_Source data:_
......

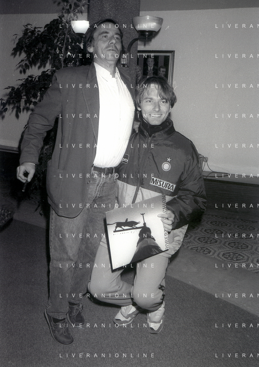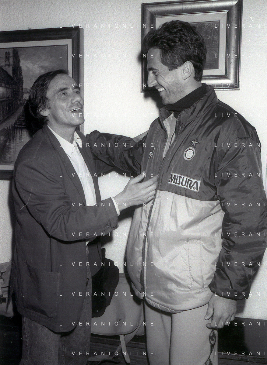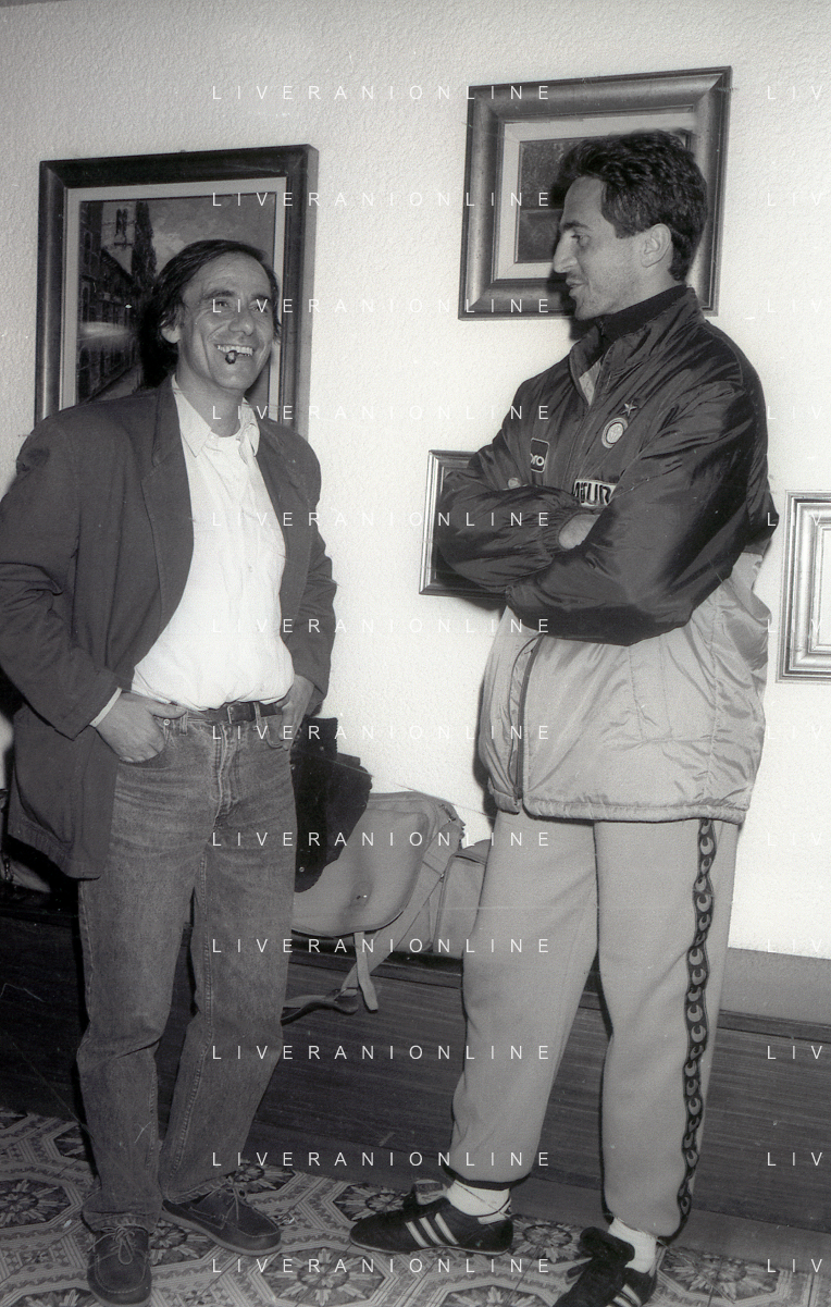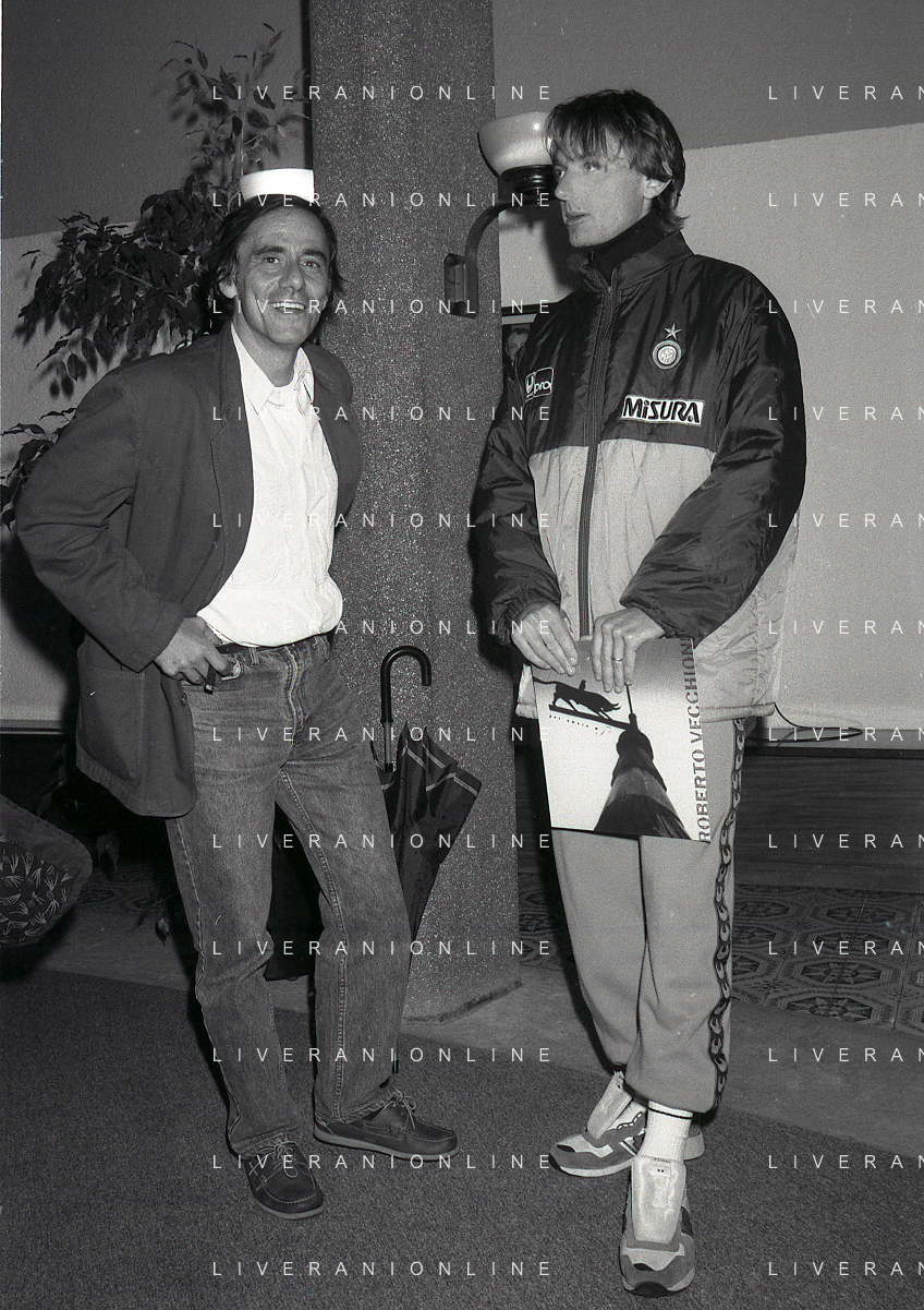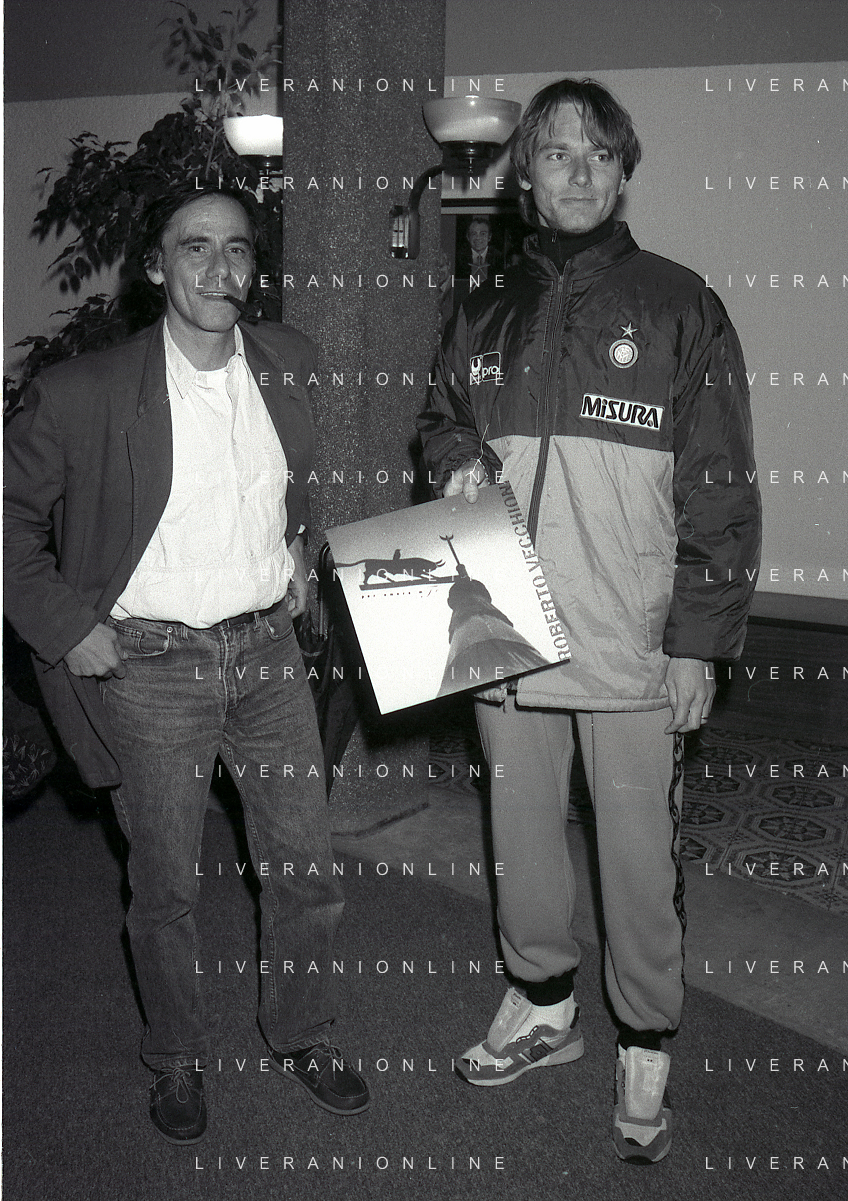 NEG-RETROSPETTIVA ROBERTO VECCHIONI CANTANTE NELLA FOTO ROBERTO VECCHIONI CON RICCARDO FERRI NELL'ANNO 1990-1991 AD APPIANO GENTILE IN VISITA AL RITIRO INTER AG ALDO LIVERANI SAS
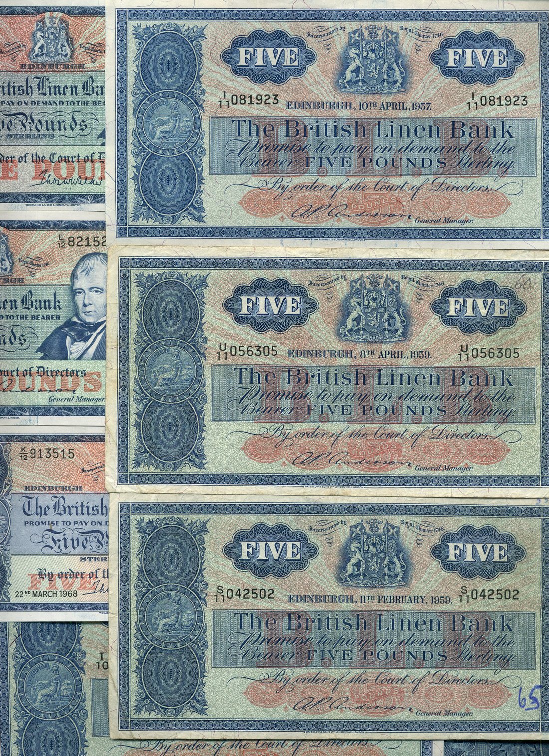 The British Linen Bank, £5 (7), 1953, 1957, 1959 (2), 1962, 1964, 1968, blue on light green and red sunburst underprint, bank arms top centre, bank title at centre, ornate panel at left, value top centre left and right
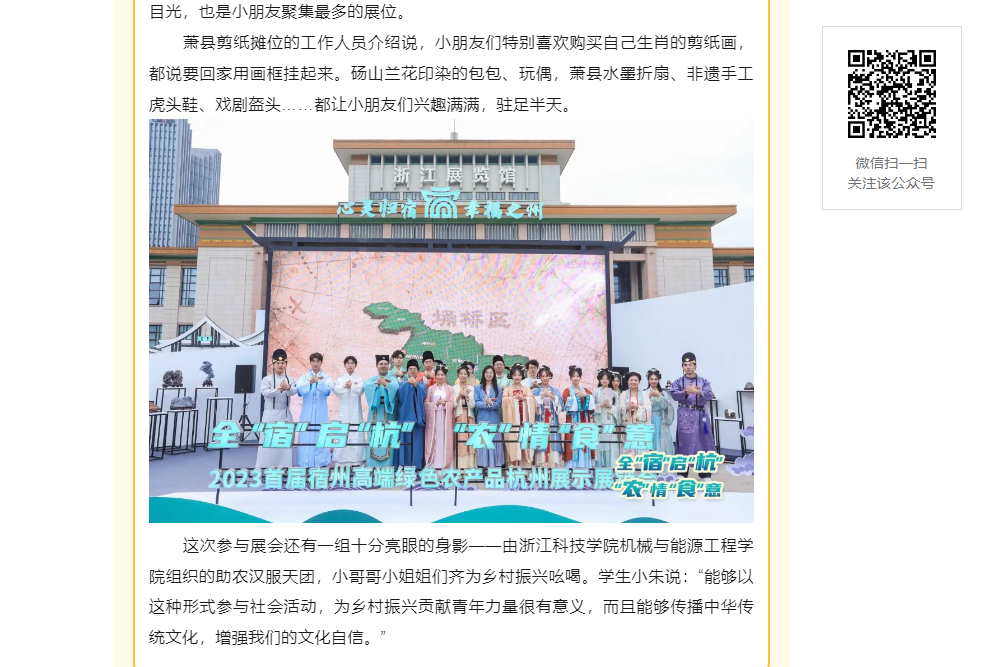 4月28日上午,2023首届宿州高端绿色农产品杭州展示展销会在位于武林广场的浙江展览馆开幕。在展销会现场,由机械与能源工程学院团委组织的助农汉服志愿者团队表现亮眼。一个微笑,一声“你好”,一次指引,一幕留念,一声宣传,20名志愿者热情服务八方宾客,成为了一张靓丽的“青春名片”。助农汉服志愿者们齐为乡村振兴吆喝。
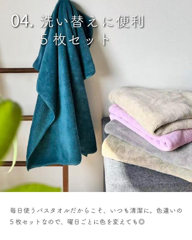 【5枚組】 バスタオル 5枚セット マイクロファイバー タオル 吸水 速乾 乾燥 プールタオル プール 海水浴 マイクロ バスタオル お得 速乾タオル 120×60cm セット シンプル 吸水力 吸水タオル ミニバスタオル やわらか ふわふわ まとめ買い
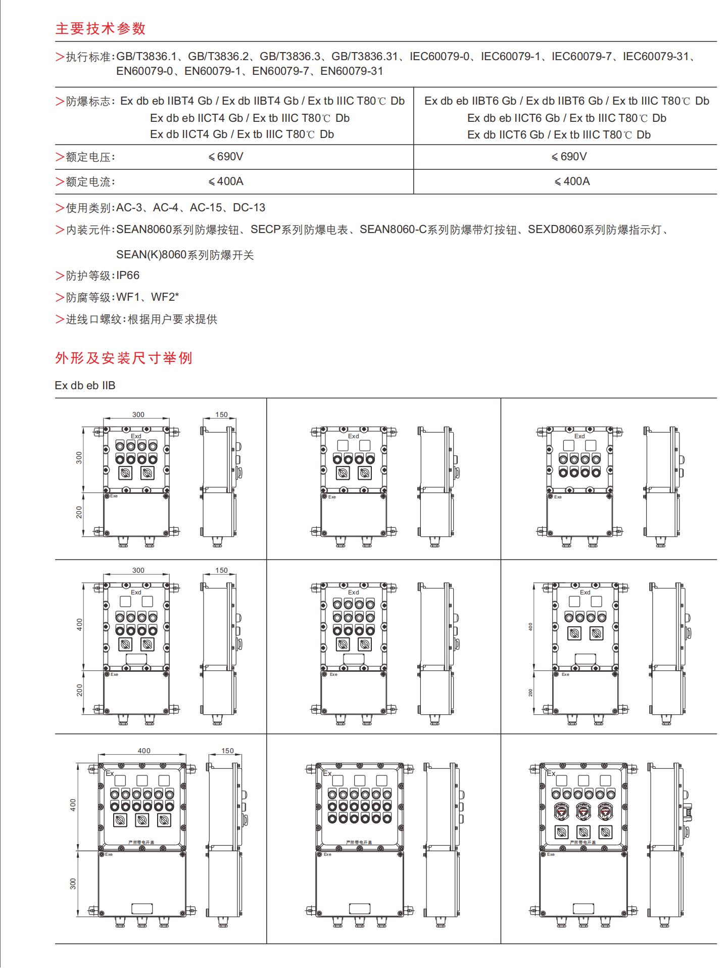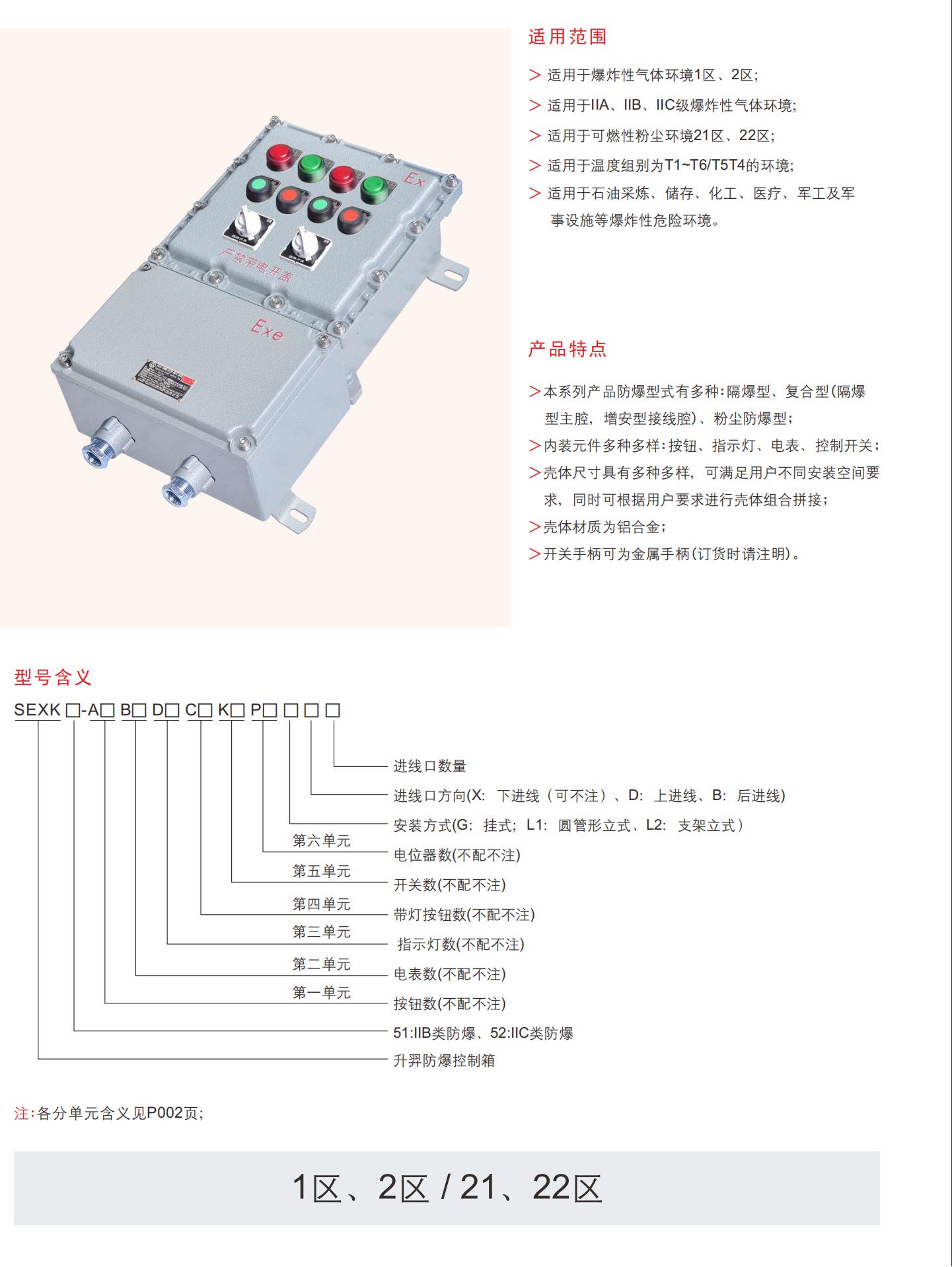 专为1/2区气体 (IIA,IIB,IIC) 和21/22区粉尘环境,SEXK系列提供多室安全架构 (隔爆主室增加安全布线区) 隔离炼油厂、化工厂和军事设施的风险。具有IP66/WF1-WF2耐腐蚀性的高强度铝合金外壳,它支持可扩展的配置 (按钮,仪表,开关,指示器) 和可定制的外壳 (可通过联锁单元扩展)。通过Ex db eb IIC T4-T6 Gb/Ex tb IIIC T80 °C Db (GB/IEC/EN) 认证,可处理高达400A (AC/DC) 的高电流负载具有通用兼容性 (AC-3,AC-15,DC-13)。独特的金属手柄选项和螺纹电缆入口 (M20-M32) 确保在极端温度 (-40 °C至55 °C) 下的耐用性。
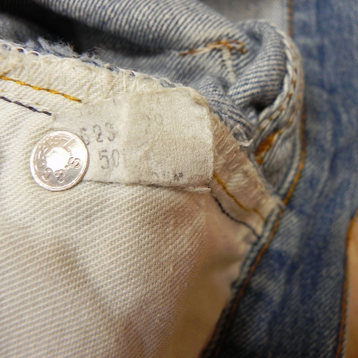 ●あくまでも古着のため、ノークレームノーリターンでお願いいたします。使用感がございます。 内タグがリベットに打ち込まれており、ある意味レアだと思います。 おそらく89年製かと思います。薄汚れや細かな擦れなどがあり、古着らしい色落ちした味の出た雰囲気です。 裾はシングルステッチで裾上げされており、擦れがございます。
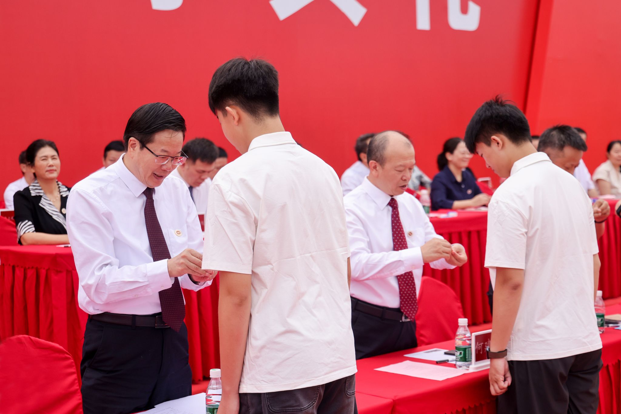 随后,主席台就座的领导和教师代表为新生代表佩戴九州登录校徽。这枚校徽不仅是“成信人”身份的象征,更是奉献青春力量,展现青年担当的使命传承。
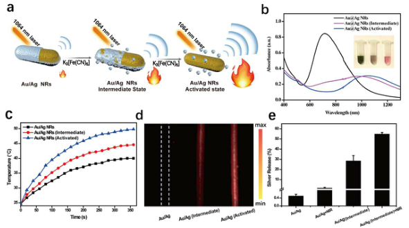 1)铁氰化物溶液能有效地活化Au/Ag NRs,并允许其持续释放游离Ag+以消除MRSA,触发NIR-II光热和PA性能的增强。
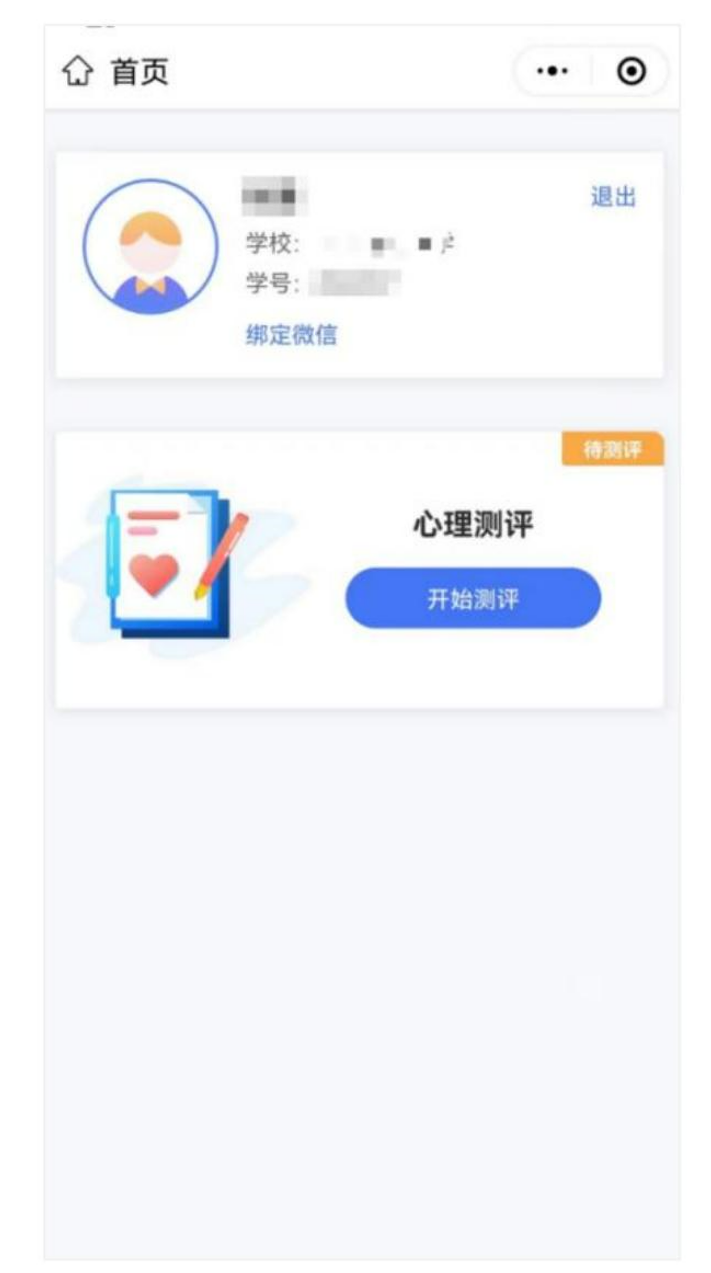 第四步:登录后可看到个人信息和心理测评两个模块。点击“绑定微信”,下次即可一键登录,无需再进行手机号验证码操作。
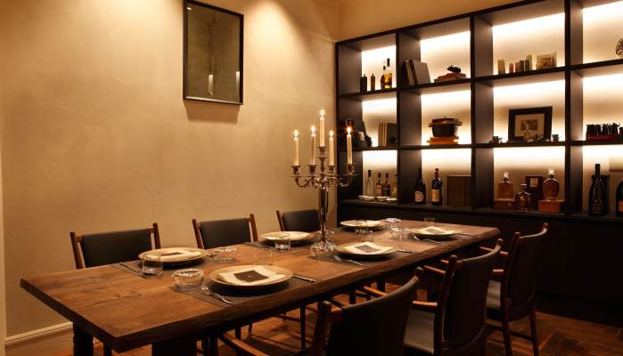 イタリア各地の名店で研鑽を積んだ八木康介氏オーナーシェフ。旧山手通り沿いのビルの地下に佇む、大人の隠れ家的なリストランテです。イタリアの邸宅のようなメインダイニングで、本格的なイタリア料理を賞味できます。

......

_Work to be completed:_
Exactly as written, please give again the lines from the beginning of the listing through the line containing "第四步:登录后可看到个人信息", inclusive, without any pictures.

_Response area:_
 NEG-RETROSPETTIVA ROBERTO VECCHIONI CANTANTE NELLA FOTO ROBERTO VECCHIONI CON RICCARDO FERRI NELL'ANNO 1990-1991 AD APPIANO GENTILE IN VISITA AL RITIRO INTER AG ALDO LIVERANI SAS
 The British Linen Bank, £5 (7), 1953, 1957, 1959 (2), 1962, 1964, 1968, blue on light green and red sunburst underprint, bank arms top centre, bank title at centre, ornate panel at left, value top centre left and right
 4月28日上午,2023首届宿州高端绿色农产品杭州展示展销会在位于武林广场的浙江展览馆开幕。在展销会现场,由机械与能源工程学院团委组织的助农汉服志愿者团队表现亮眼。一个微笑,一声“你好”,一次指引,一幕留念,一声宣传,20名志愿者热情服务八方宾客,成为了一张靓丽的“青春名片”。助农汉服志愿者们齐为乡村振兴吆喝。
 【5枚組】 バスタオル 5枚セット マイクロファイバー タオル 吸水 速乾 乾燥 プールタオル プール 海水浴 マイクロ バスタオル お得 速乾タオル 120×60cm セット シンプル 吸水力 吸水タオル ミニバスタオル やわらか ふわふわ まとめ買い
 专为1/2区气体 (IIA,IIB,IIC) 和21/22区粉尘环境,SEXK系列提供多室安全架构 (隔爆主室增加安全布线区) 隔离炼油厂、化工厂和军事设施的风险。具有IP66/WF1-WF2耐腐蚀性的高强度铝合金外壳,它支持可扩展的配置 (按钮,仪表,开关,指示器) 和可定制的外壳 (可通过联锁单元扩展)。通过Ex db eb IIC T4-T6 Gb/Ex tb IIIC T80 °C Db (GB/IEC/EN) 认证,可处理高达400A (AC/DC) 的高电流负载具有通用兼容性 (AC-3,AC-15,DC-13)。独特的金属手柄选项和螺纹电缆入口 (M20-M32) 确保在极端温度 (-40 °C至55 °C) 下的耐用性。
 ●あくまでも古着のため、ノークレームノーリターンでお願いいたします。使用感がございます。 内タグがリベットに打ち込まれており、ある意味レアだと思います。 おそらく89年製かと思います。薄汚れや細かな擦れなどがあり、古着らしい色落ちした味の出た雰囲気です。 裾はシングルステッチで裾上げされており、擦れがございます。
 随后,主席台就座的领导和教师代表为新生代表佩戴九州登录校徽。这枚校徽不仅是“成信人”身份的象征,更是奉献青春力量,展现青年担当的使命传承。
 1)铁氰化物溶液能有效地活化Au/Ag NRs,并允许其持续释放游离Ag+以消除MRSA,触发NIR-II光热和PA性能的增强。
 第四步:登录后可看到个人信息和心理测评两个模块。点击“绑定微信”,下次即可一键登录,无需再进行手机号验证码操作。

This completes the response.